The next level would be to scale up this model to 1,000 repurposed churches, a feasible size for institutional funds and financial institutions in Canada. In terms of revenue, there is a hard line in the design between the for-profit side for institutional investors, and the not-for-profit side, for tenants and the Church. Tenants inside the repurposed churches must pay rent, equivalent to the operating expenditures. But if they want to transform the space into a theater, refugee center or offices, they need to pay for these capital improvements–something they usually do already using the funding from the philanthropic sector. The property can’t ever be sold.

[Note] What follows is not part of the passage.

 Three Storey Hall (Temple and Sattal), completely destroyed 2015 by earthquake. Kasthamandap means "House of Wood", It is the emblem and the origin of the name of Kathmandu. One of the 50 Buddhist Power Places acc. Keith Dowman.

Repurposed-churches-Canada
McDougall United, Edmonton, AB / As Edmonton’s oldest church, McDougall United Church occupies a significant and central place in Edmonton. The community there cares deeply about creating and operating a centre that is open to many varied needs and organizations. We have partnered with a local architect who has experience in historic buildings and creating multi-use spaces / Photo courtesy of Trinity Centres Foundation

“Real estate investment structures are extracting too much wealth from local communities. And those structures, I believe, are the next in line to be hit by the global activist community,” says Singh. He compares it to climate change arguments, which all of a sudden, became mainstream. “And we’re going to realize we need space for the nonprofits, the charities, the arts groups; we have undervalued them. We haven’t understood that cities only work when those things are thriving, and if they don’t, cities fail.” 

It goes without saying that there are many underutilized faith-based because Christians have stopped going to church. For Singh the big turning point was the Second World War, and the ideologies of the materialistic 50s and the defiant free love 60s that ushered in a revolt against the Church across the Western world. “Then we entered into a stage where we thought that the State can solve all the social problems because people have left the Church behind.  Now we have realized that the State cannot solve them, not because it doesn’t have the money, but because it’s not good at it.”

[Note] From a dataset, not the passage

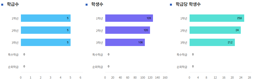 각 학년 영어중국어과 2학급, 영어일본어과, 중국어영어과, 일본어영어과 각 1학급 총 5학급으로 구성
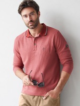 Лонгслив из фактурного трикотажа с плетеным воротником поло с застежкой на пугов

Collectively governed, instead of religiously governed, these repurposed churches could yield many collateral benefits, building bridges between faith, government, finance and ordinary citizens. People of different political leanings, and faith– Jews, Muslims, Catholics and so on – could share the same building, creating unusual encounters, and adding another layer of social impact.

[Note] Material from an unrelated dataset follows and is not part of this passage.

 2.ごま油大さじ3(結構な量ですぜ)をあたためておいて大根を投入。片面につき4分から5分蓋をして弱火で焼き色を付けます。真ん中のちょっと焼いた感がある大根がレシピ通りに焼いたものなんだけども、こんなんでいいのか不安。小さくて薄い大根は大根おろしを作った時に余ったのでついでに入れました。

For Singh this is a great opportunity for the Church to become a safe place for people to figure out what they believe, and rediscover spirituality. “But religious adherence is something of the past, and when you look at Jesus’s life in the Christian faith, you will see that he wasn’t interested in religious adherence.”

So yes, the traditional church has been emptied out, agrees Singh, “but the new spirituality is on the rise, and if the Church, with its old resources, gets things right, it could actually be fertile soil for that renewal.”